Dezember, Dreissig, Sieben
Zinn Ader Dur unter Downloads. (pdf)
17.21
Ich muss Adam sein Ziel erreichen lassen, muss ihm seine Entbehrungen vergelten, bis zum Ende, und dann, das Ziel vor Augen, muss ich es ihm wegnehmen. Aber dann, was geschieht? Ich glaube, er muss sterben im Angesicht der Sinnlosigkeit all seines Strebens. Ich glaube, die Sinnlosigkeit ist das Massaker des Geistes. Das für-etwas-leben, auch wenn es dieses “für” nicht gibt. Dann die Frage: was war vorher, als er sein Ziel gar nicht kannte.

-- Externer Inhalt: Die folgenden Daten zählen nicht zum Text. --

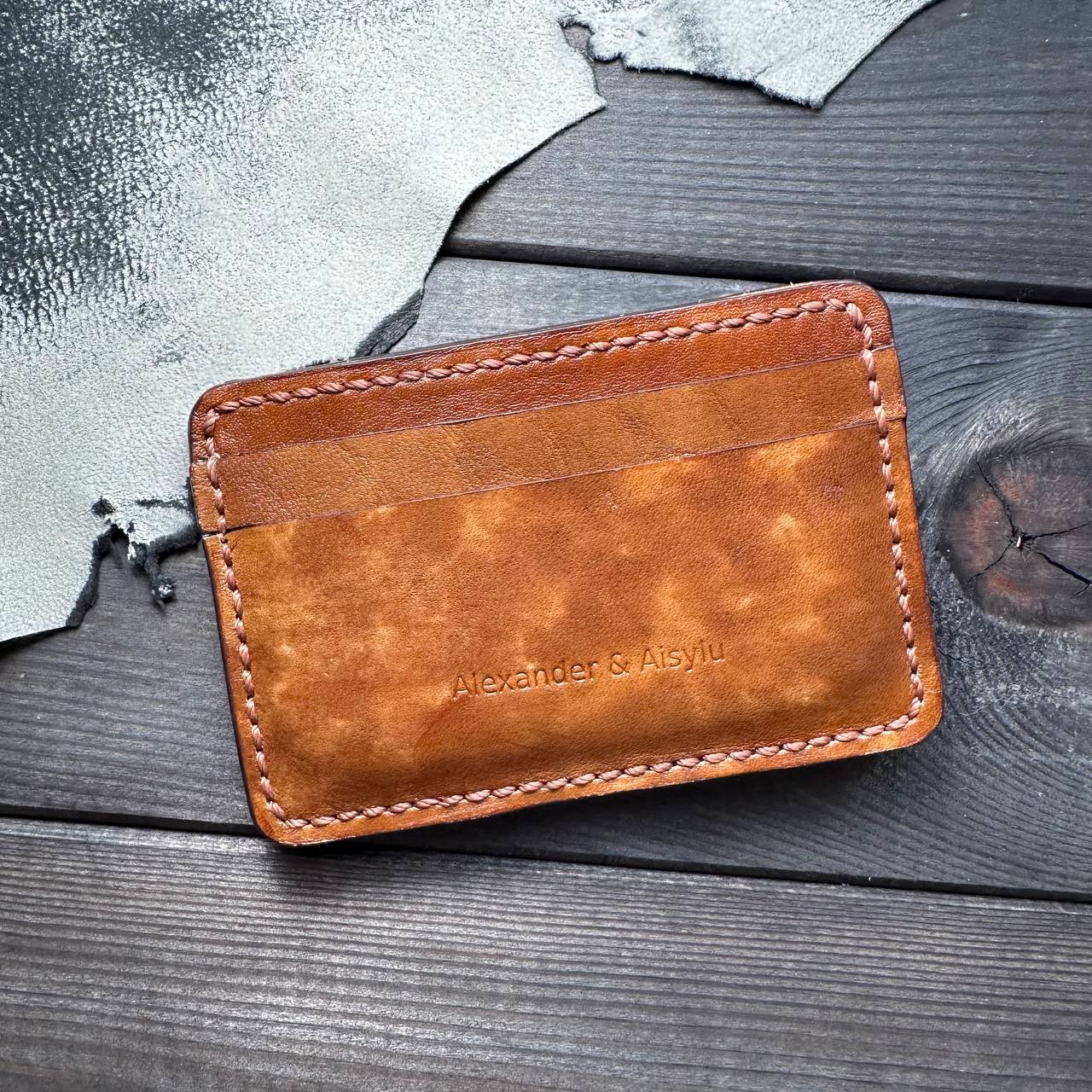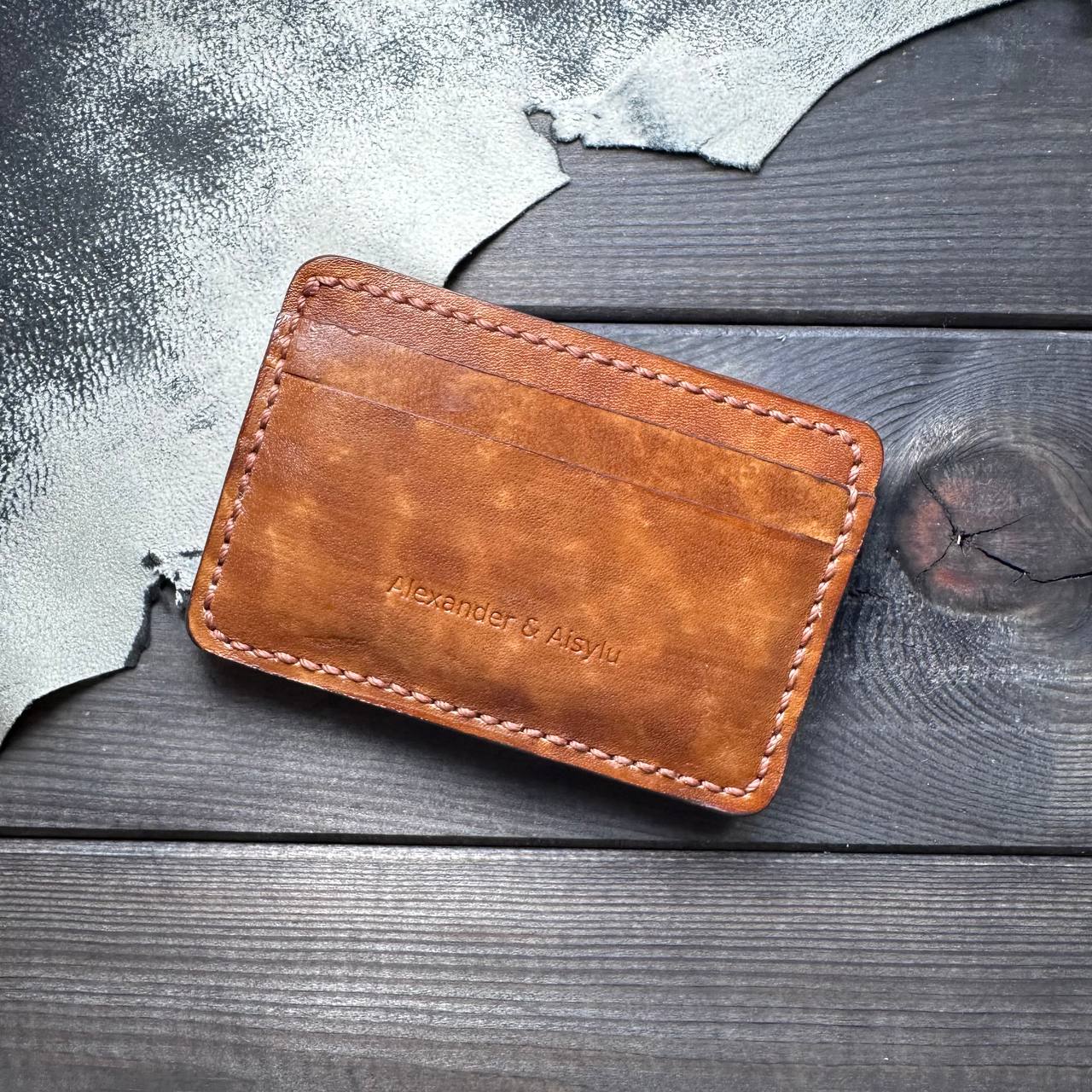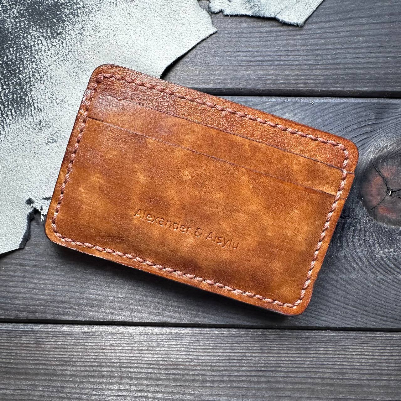 Картхолдер "Art line minimalistic max. Mixed" - ручной работы из натуральной кожи (КРС), ручной шов

Es wird nicht helfen, sein Ziel war immer schon sein Ziel, der Anfang ist die Ewigkeit, ob es ihm je bewusst war oder nicht. Ein Ziel wie eine Prüfung, so dass die Sinnlosigkeit ausgeschlossen werden kann. Macht er selbst einen Fehler, verschwindet das Ziel. Weil er aber nichts von diesem Fehler wissen kann, bis das Ziel, bereits vor Augen, verschwindet. Dann die Erkenntnis (die für ihn aber unverstanden bleibt) und Rekapitulation, schließlich Kapitulation, Nichtumkehrbarkeit auch hier. Das Geschehen ist geschehen. Ihn fortzuschreiben hieße, aufgeben, ihn liegen zulassen, hieße dasselbe. Es ist nur die Wahl des Untergangs. Die hat er frei.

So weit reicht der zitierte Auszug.